##### Dataset excerpts
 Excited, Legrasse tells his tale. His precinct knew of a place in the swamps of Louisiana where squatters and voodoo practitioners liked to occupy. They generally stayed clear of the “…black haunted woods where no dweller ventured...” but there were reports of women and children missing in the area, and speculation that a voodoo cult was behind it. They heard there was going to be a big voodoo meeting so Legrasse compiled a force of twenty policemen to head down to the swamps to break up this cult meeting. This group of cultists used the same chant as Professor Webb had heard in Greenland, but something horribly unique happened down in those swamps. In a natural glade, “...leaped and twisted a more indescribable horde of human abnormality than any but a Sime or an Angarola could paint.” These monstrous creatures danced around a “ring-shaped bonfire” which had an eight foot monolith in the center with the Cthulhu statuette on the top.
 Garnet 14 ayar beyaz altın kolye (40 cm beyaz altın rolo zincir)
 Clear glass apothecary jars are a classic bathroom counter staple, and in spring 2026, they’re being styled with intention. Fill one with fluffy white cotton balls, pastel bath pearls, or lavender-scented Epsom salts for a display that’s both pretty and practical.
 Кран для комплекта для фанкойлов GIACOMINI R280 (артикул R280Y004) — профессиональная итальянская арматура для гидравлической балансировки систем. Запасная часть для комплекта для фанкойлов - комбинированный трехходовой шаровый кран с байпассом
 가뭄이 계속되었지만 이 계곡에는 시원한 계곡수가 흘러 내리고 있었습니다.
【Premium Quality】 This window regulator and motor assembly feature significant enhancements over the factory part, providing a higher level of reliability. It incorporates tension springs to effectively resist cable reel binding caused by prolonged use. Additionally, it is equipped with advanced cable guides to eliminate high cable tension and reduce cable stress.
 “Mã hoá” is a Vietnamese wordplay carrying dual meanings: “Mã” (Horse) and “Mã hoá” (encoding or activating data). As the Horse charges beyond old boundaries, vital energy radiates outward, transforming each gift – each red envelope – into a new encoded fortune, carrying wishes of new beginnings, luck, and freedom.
##########
##### Dataset excerpts
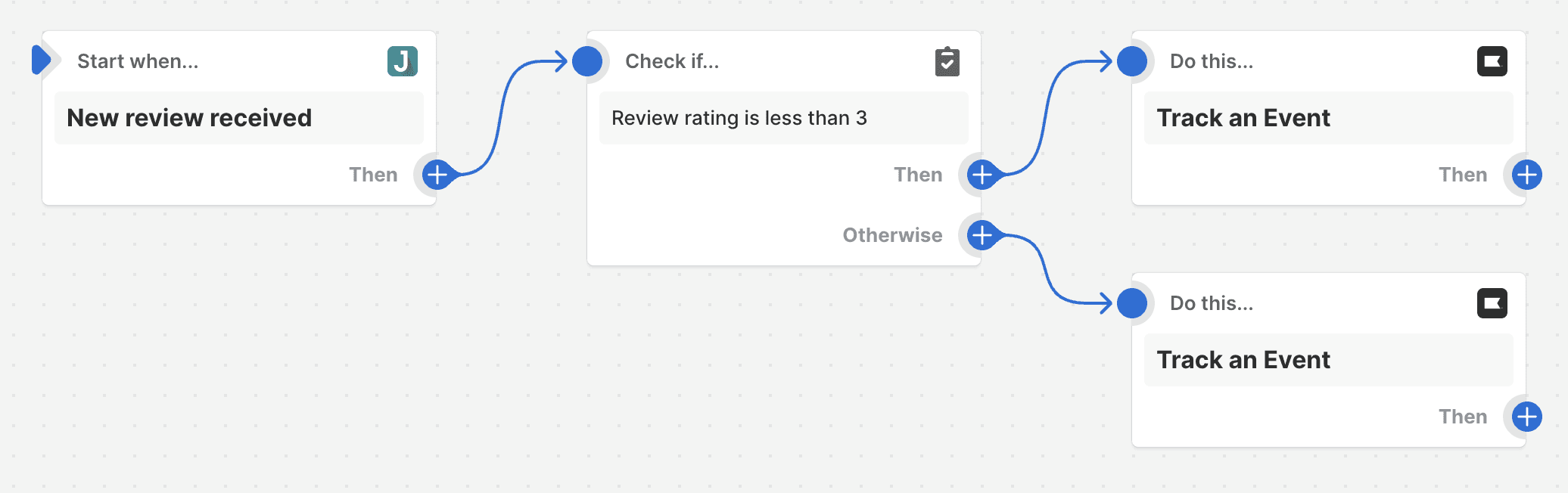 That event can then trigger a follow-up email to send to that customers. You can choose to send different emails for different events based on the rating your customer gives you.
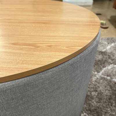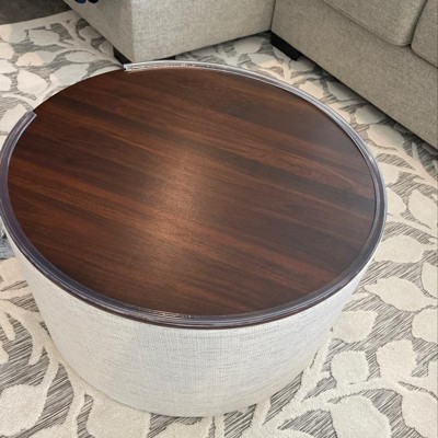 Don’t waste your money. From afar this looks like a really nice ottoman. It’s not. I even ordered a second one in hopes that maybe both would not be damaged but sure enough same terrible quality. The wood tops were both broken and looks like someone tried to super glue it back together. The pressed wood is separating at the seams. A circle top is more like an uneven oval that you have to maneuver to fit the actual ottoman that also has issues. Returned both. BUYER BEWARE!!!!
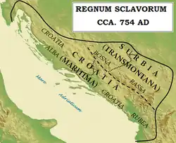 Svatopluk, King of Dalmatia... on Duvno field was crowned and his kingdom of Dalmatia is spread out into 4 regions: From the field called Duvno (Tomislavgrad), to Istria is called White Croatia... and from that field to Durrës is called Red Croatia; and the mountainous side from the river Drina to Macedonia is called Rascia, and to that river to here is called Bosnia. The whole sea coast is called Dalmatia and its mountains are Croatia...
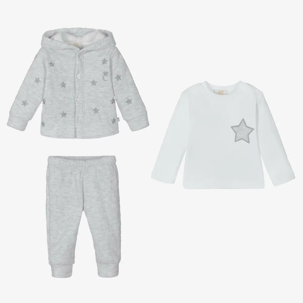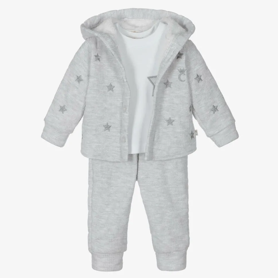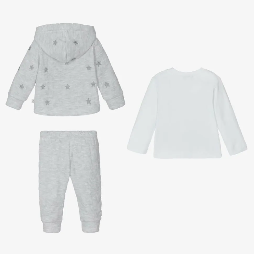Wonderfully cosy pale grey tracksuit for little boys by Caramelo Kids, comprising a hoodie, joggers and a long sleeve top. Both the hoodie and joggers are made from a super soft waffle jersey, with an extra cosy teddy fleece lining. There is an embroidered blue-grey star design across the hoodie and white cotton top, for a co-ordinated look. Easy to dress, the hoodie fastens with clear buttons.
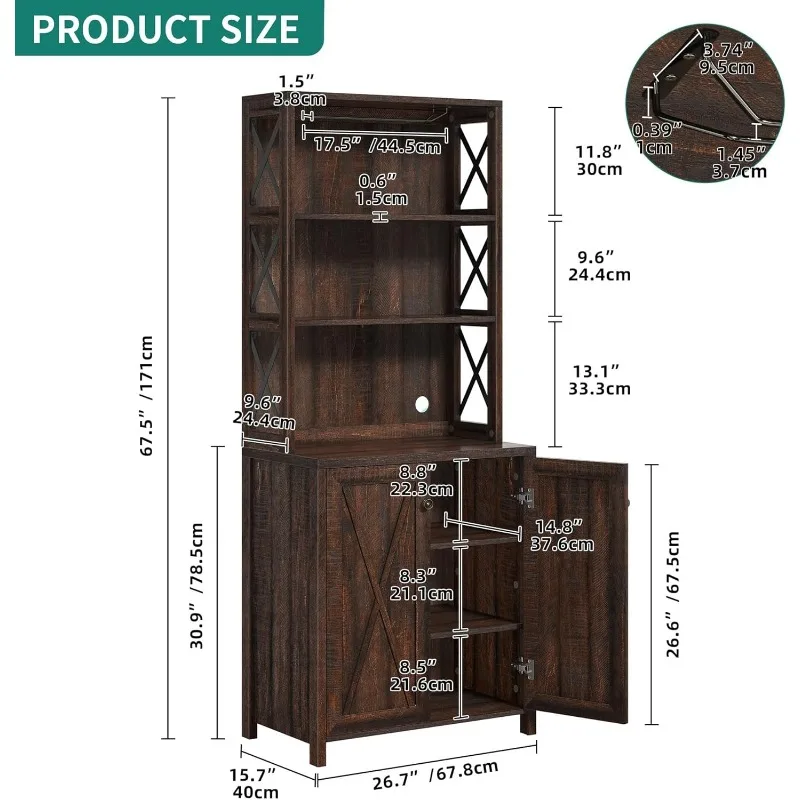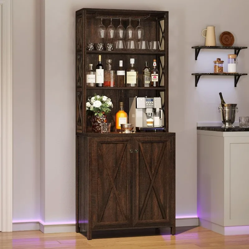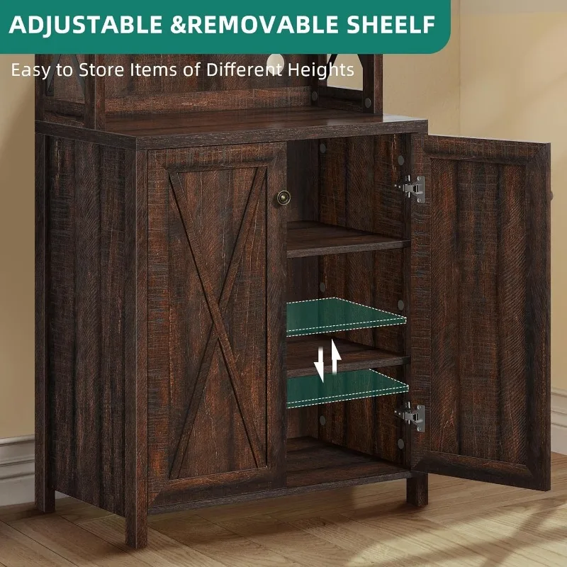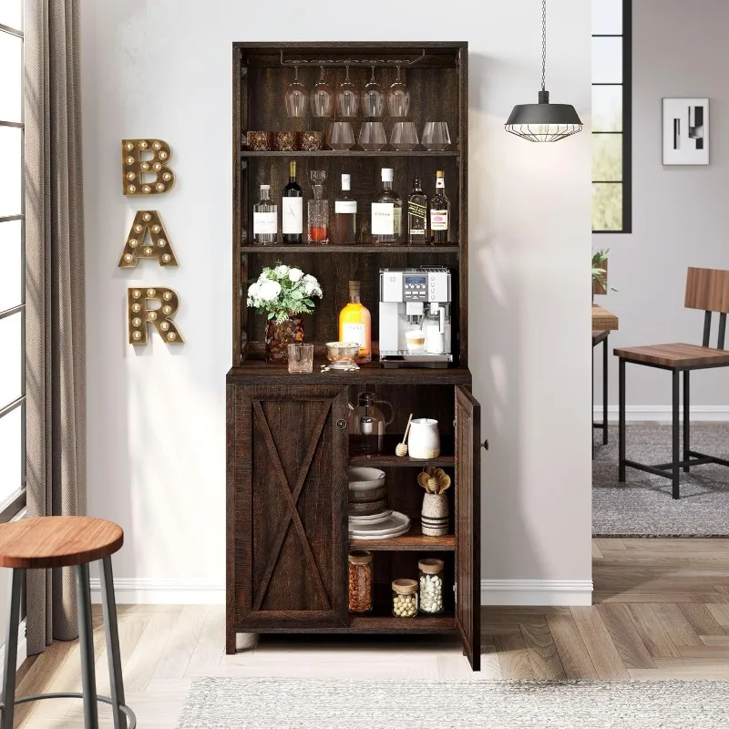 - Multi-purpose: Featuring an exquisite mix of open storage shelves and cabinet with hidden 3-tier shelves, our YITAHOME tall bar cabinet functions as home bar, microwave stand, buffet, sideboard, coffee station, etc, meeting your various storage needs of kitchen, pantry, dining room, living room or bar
##########
[Exercise details] All lines in the data above from the one with "Garnet 14 ayar" through the one with "Clear glass apothecary" must be repeated exactly, and no others.

[Exercise answer]
 Garnet 14 ayar beyaz altın kolye (40 cm beyaz altın rolo zincir)
 Clear glass apothecary jars are a classic bathroom counter staple, and in spring 2026, they’re being styled with intention. Fill one with fluffy white cotton balls, pastel bath pearls, or lavender-scented Epsom salts for a display that’s both pretty and practical.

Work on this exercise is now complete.